I am incredibly annoyed with myself.
beyond annoyed really.
who needs enemies when you have yourself.
Yes I think I've done it again.
gotten myself all wired about something only to start second guessing.
if it isn't how I think it is it isn't the end of the world, but I'll be..... I don't know... let down I guess.
I'm smarter than this and yet I let myself fall into the trap every damn time. ugh ugh ugh.
so now what?
it's always the question.... what to do now?
holy hell, I don't know.
I can either walk away from the sitaution and always be bothered that I didn't find out what was going on.
Or I could stay and go with the slim possiblity that things will be cool.... though more than likely it's looking kinda uncool. pessimisim, it's a gift. Though half of my friends would slap me silly if they heard me right now.
I have a complete lack of ability to look at things subjectivly lately.
I could go to the source but I guess I'm afraid of that.
oh the vaugness of it all.
if I wasn't home alone and pretty much brain dead it wouldn't be bothering me in the least but I have nothing else to think about so here we go.
I'm starting to think I shouldn't even bother turning on my computer half of the time, I wouldn't get myself so wound up if I didn't. It just opens up an avenue for people to pester me and not want to go away.

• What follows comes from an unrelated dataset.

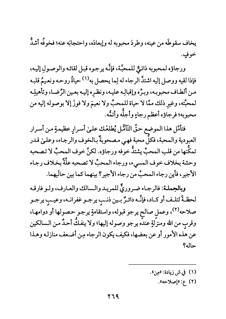 فتأمَّل هذا الموضع حقَّ التّأمُّل يُطلعْك على أسرارٍ عظيمةٍ من أسرار العبودية والمحبة، فكلُّ محبة فهي مصحوبةٌ بالخوف والرجاء، وعلى قدر تمكُّنها من قلب المحبِّ يشتدُّ خوفه ورجاؤه. لكنَّ خوف المحبِّ لا تصحبه وحشة بخلاف خوف المسيء، ورجاء المحبِّ لا تصحبه علَّةٌ بخلاف رجاء الأجير، فأين رجاء المحبِّ من رجاء الأجير؟ بينهما كما بين حالَيهما.
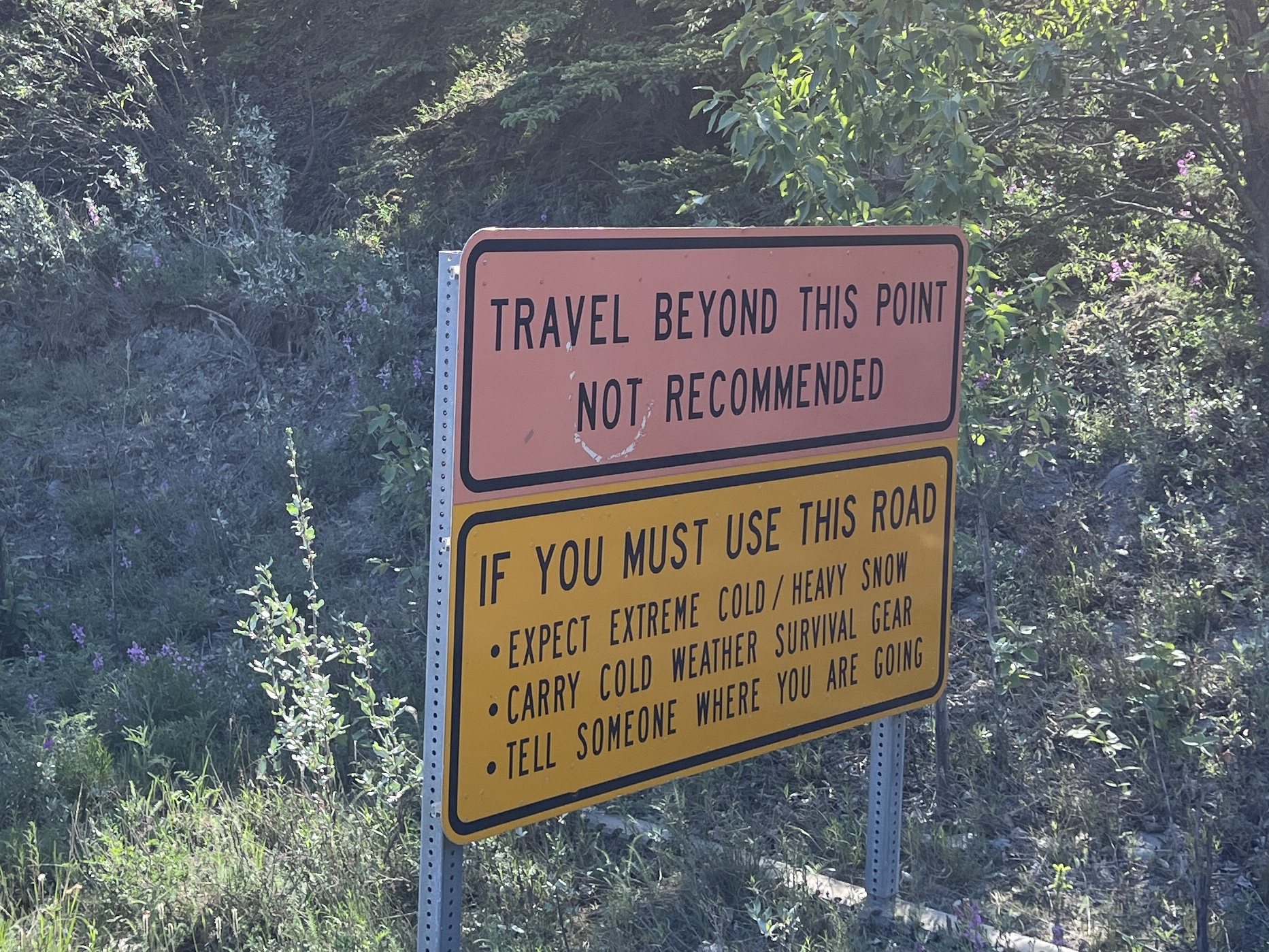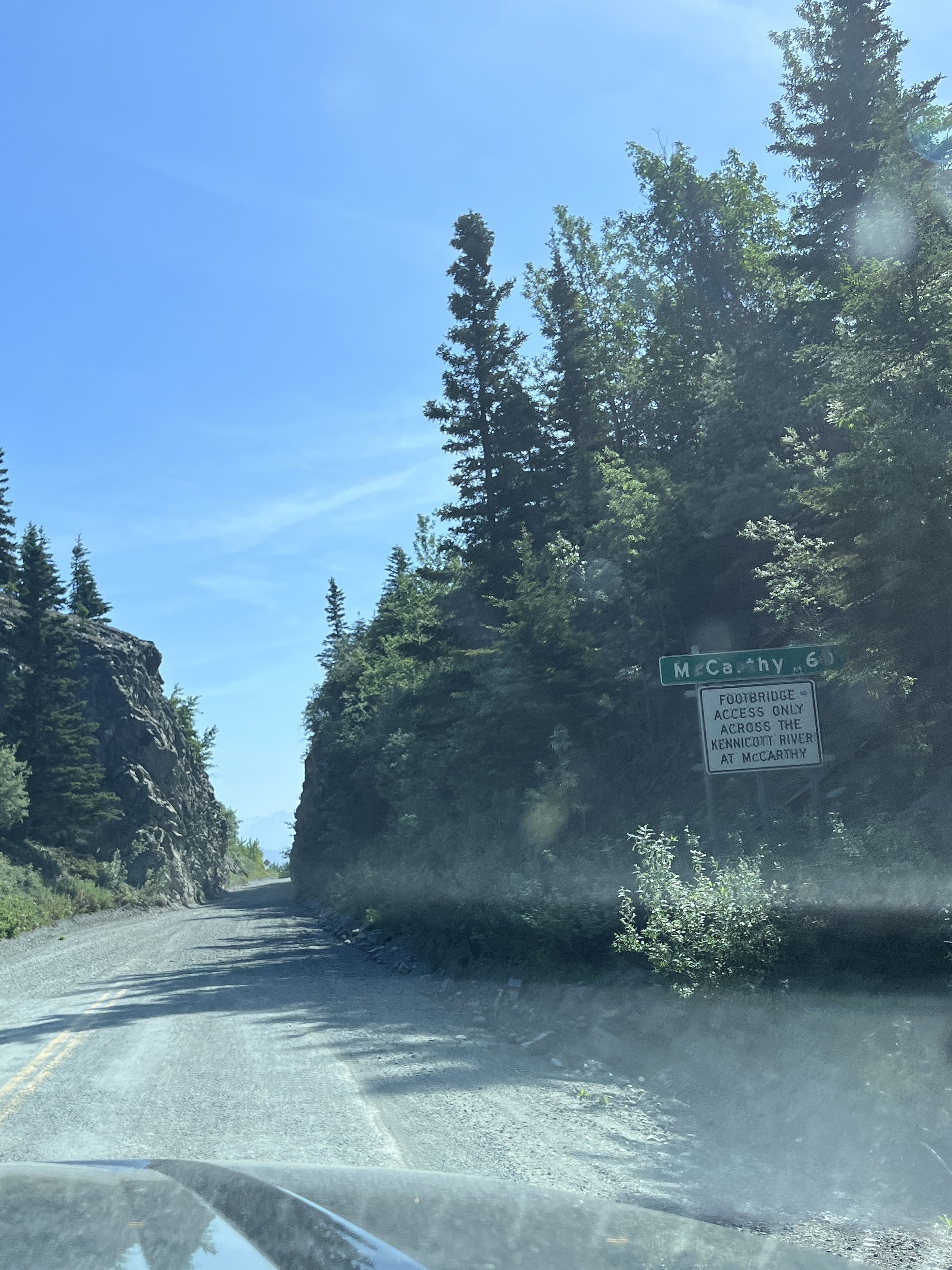 Finally we began the epic journey down the McCarthy Road, the second road into Wrangell St. Elias National Park. The road was created on the old railroad bed that linked the Kennecott Copper mine to the coast at Cordova. It’s a 60 miles journey down a rough, unpaved, and remote road that was originally developed in the early 1900s. Signs along the way warned us to be careful!

I guess they don't get the "If I wanted to talk to you I would seek you out." vibe I give off. They don't seem to understand I have no desire to leave the house. not even if they make me feel guilty.... matter of fact that makes me want to leave the house even less. Yes, so I think it's back to Zim, before I'm really nasty and mean to to someone.
besides, hyponotic pimples are hilarious.